Not a single one of them offered a word.

He was too poor.

Too weak.

Too irrelevant.

Chen Mo had no name here. He had no reputation, no backing, no power. In this place, those were the only currencies that mattered. Everything else—morals, kindness, humanity—was worthless.

This district is rotten down to the bone, he thought as he continued walking.

Garbage piled in alleys. Thieves loitered near every corner. The broken remains of once-functional lamp posts cast long shadows. Screams echoed now and then—some short, some drawn out.

But no one reacted.

It was the rhythm of life here.

He moved through it silently, a shadow among shadows. Though he had no destination in mind, his feet carried him deeper into the Dark District's veins, where its true nature was laid bare.
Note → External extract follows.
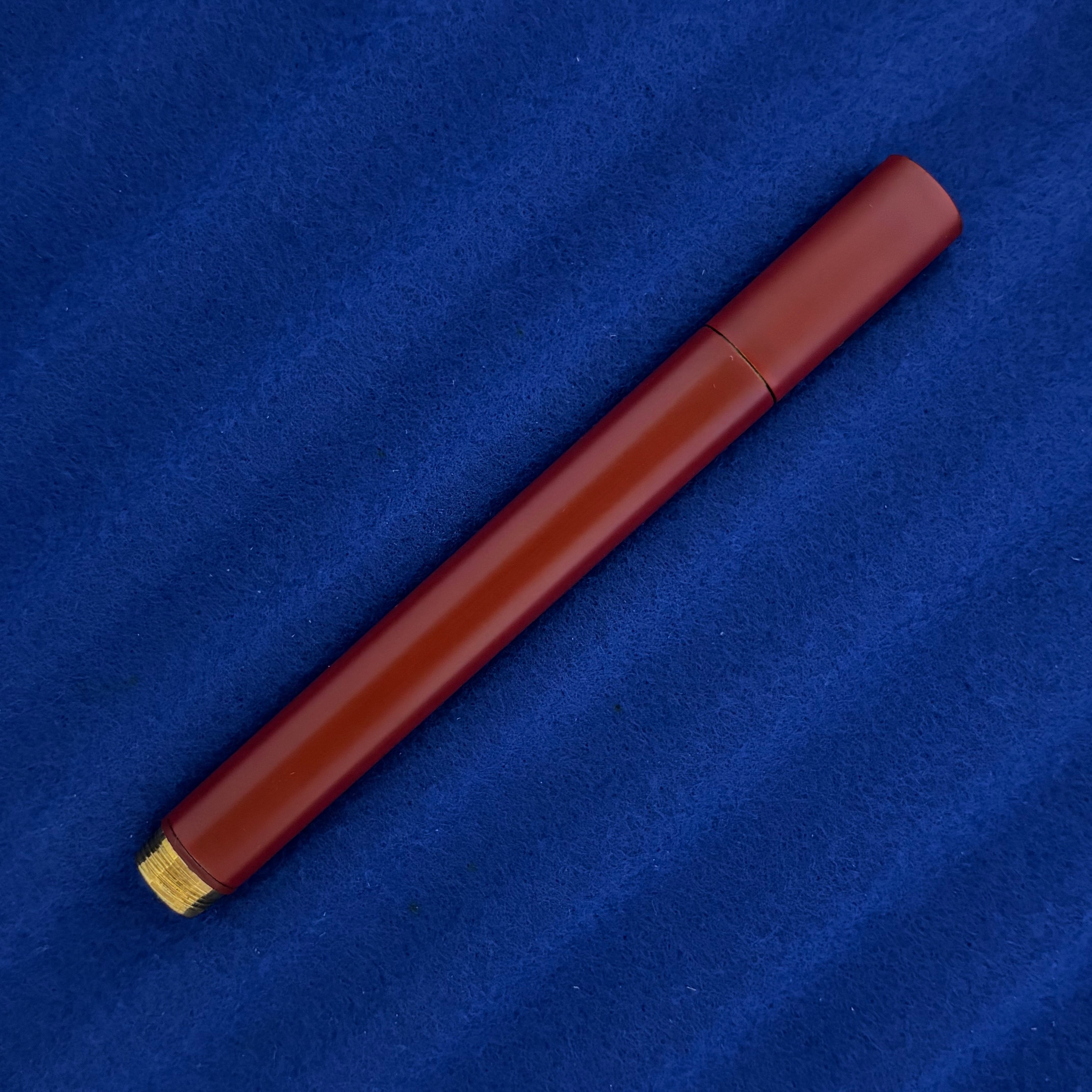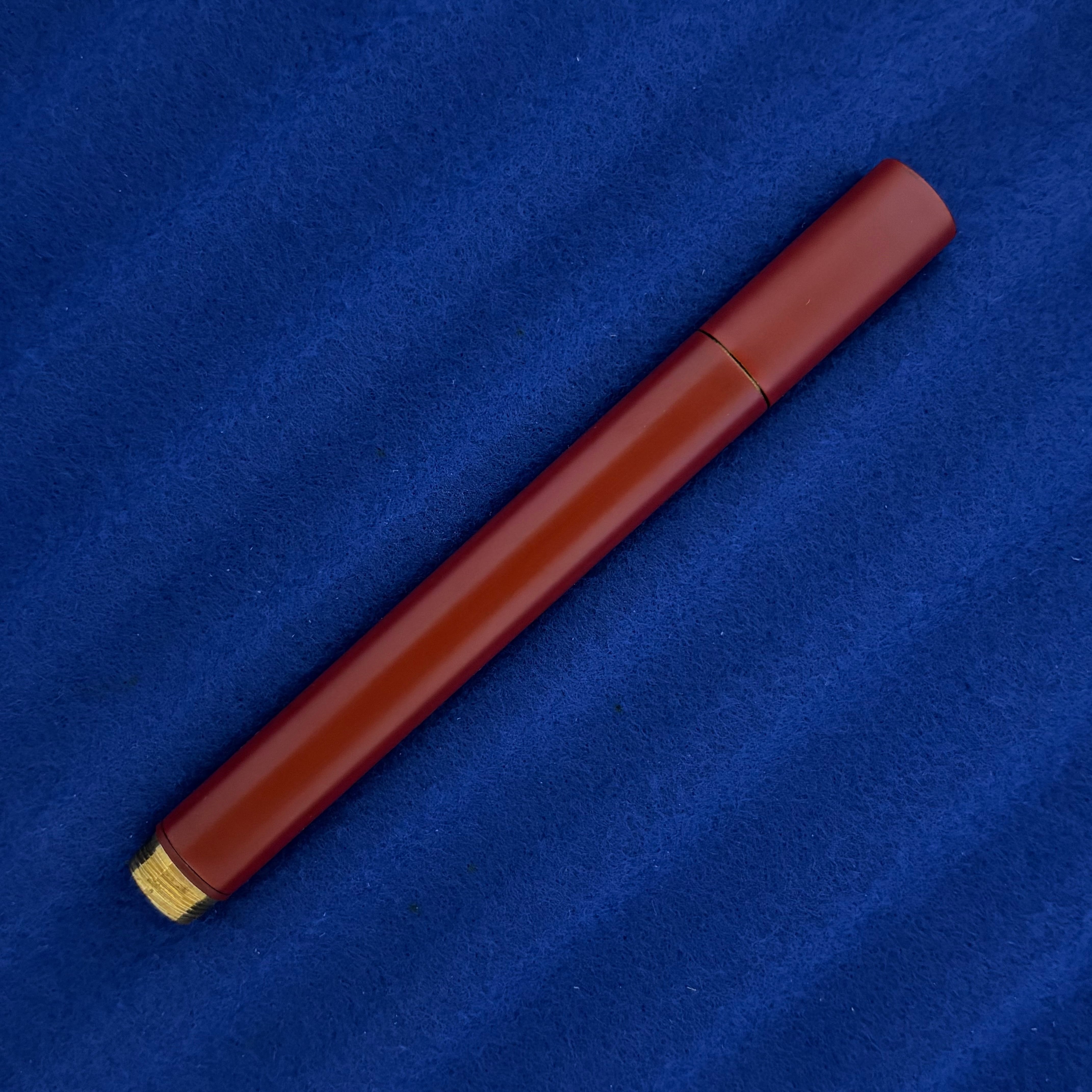 ・金属と漆の組合せに初挑戦したペンです。真鍮を加工した金属ペンに、古代から施朱の風習や土器、漆器の赤色顔料に用いられてきた水銀朱(本朱)を塗り重ねました。

It didn't take long before he began to see it.

Power.

It lingered in the way the streets were arranged. In how people acted. In who stood and who bowed. The rules weren't written on signs—but they were everywhere.

Those with strength walked with confidence. Others stepped aside quickly, not daring to meet their eyes. Some vendors bowed deeply when certain figures passed by, while sneering at those with tattered clothes.

Power made the rules here.

Nothing else mattered.

"Even laws don't exist here unless someone strong says they do," Chen Mo thought grimly.

He turned down a narrower alley. The crowd thinned. The buildings changed.

Here, the air carried a different weight—darker, heavier.

And then he saw it.

Three massive, heavily guarded buildings, each shrouded in mystery and dread. None of them bore names, but his borrowed memories stirred with recognition.

The Slavery House.

The Black Market Vault.

The Underground Auction Hall.

Chen Mo instinctively stopped at the corner of the street, just close enough to see, far enough not to draw attention.

The Slavery House had iron gates and shackled statues outside its front steps. Inside, he could barely make out chained figures through the window—men, women, even children. All expressionless. All broken.

He bit his lip hard.

It wasn't fiction. It wasn't an old tale. It was real. Right in front of him.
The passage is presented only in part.